Solution 1: Use a marker array.
- Use a ten-digit array as a marker to store the characters that have appeared.
- Use ascii to subtract 48 each time, and directly convert char to int.

import java.util.Scanner;
public class Main {
    public static void main(String[] args) {
        Scanner scanner=new Scanner(System.in);
        while(scanner.hasNext()){
            String s=scanner.nextLine();
            int len=s.length();
            int []arr1=new int[10];//标志数组
            for(int i=len-1;i>=0;i--){
                if(arr1[s.charAt(i)-48]==0){
                    System.out.print(s.charAt(i)-48);//直接打印
                    arr1[s.charAt(i)-48]++;//标记出现过的字符.
                }
            }
        }
    }
}

Solution 2: Use arrayListeach pass list.contarinsto determine whether it is included.
It should be noted here that the HashSetoutput order is determined by the Hash algorithm, and it cannot be guaranteed to be the same as your input order, so it cannot be used.
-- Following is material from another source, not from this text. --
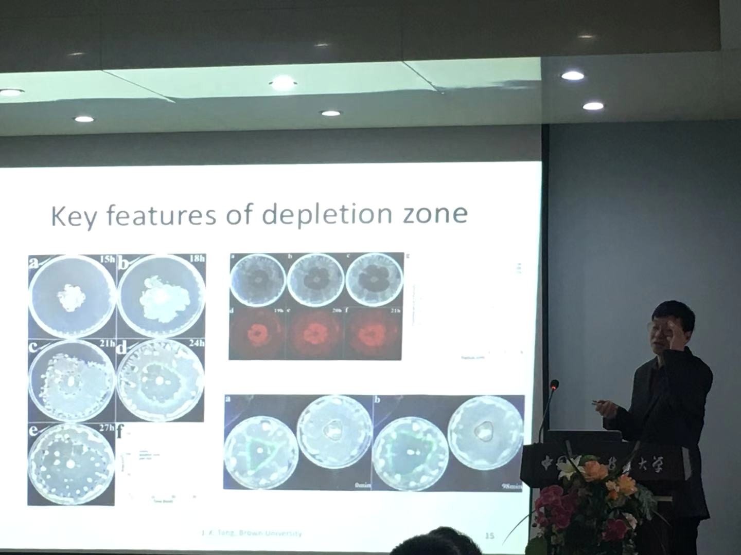 唐建新教授给与会师生带来了一场精彩的学术报告。唐建新教授介绍到许多种类的细菌都有很强的在固体表面传播的能力。其课题组研究的重点是在琼脂表面扩展的人类病原体铜绿假单胞菌菌落内的模式进化。他们研究了从菌落中心区域开始的细菌膜厚度显著下降的耗尽区的发生和扩展。此外,为了解释液滴的发生和生长,其课题组提出了一个基于细菌膜有效自由能最小化的模型。该模型考虑到薄膜流体动力学和细菌的主动运动,以及细菌最大限度地获取养分的趋势。该模型的模拟结果成功地解释了细菌液滴的发生和生长。在自由讨论环节,与会师生积极提问交流,反响热烈。

package com.chaoxiong.niuke.huawei;

import java.util.*;

/**
 * Create by tianchaoxiong on 18-4-9.
 */
public class HuaWei_9_3 {
    public static void main(String[] args) {
        Scanner scanner = new Scanner(System.in);
        while (scanner.hasNext()){
            int key = scanner.nextInt();
            Convert(key);
        }
    }
    private static void Convert(int key) {
        String string = String.valueOf(key);
        List<Character>charList = new ArrayList<Character>();
        int N = string.length();
        for(int i=0;i<N;i++){
            char tmp = string.charAt(N-1-i);
            if(!charList.contains(tmp))
                charList.add(tmp);
        }
        for (char each:charList){
            System.out.print(each);
        }
    }
}

4. Summary of this question.

What this question gave me is:
- According to the meaning of the question, no printing will be done where there is no need to print. Simplify the operation.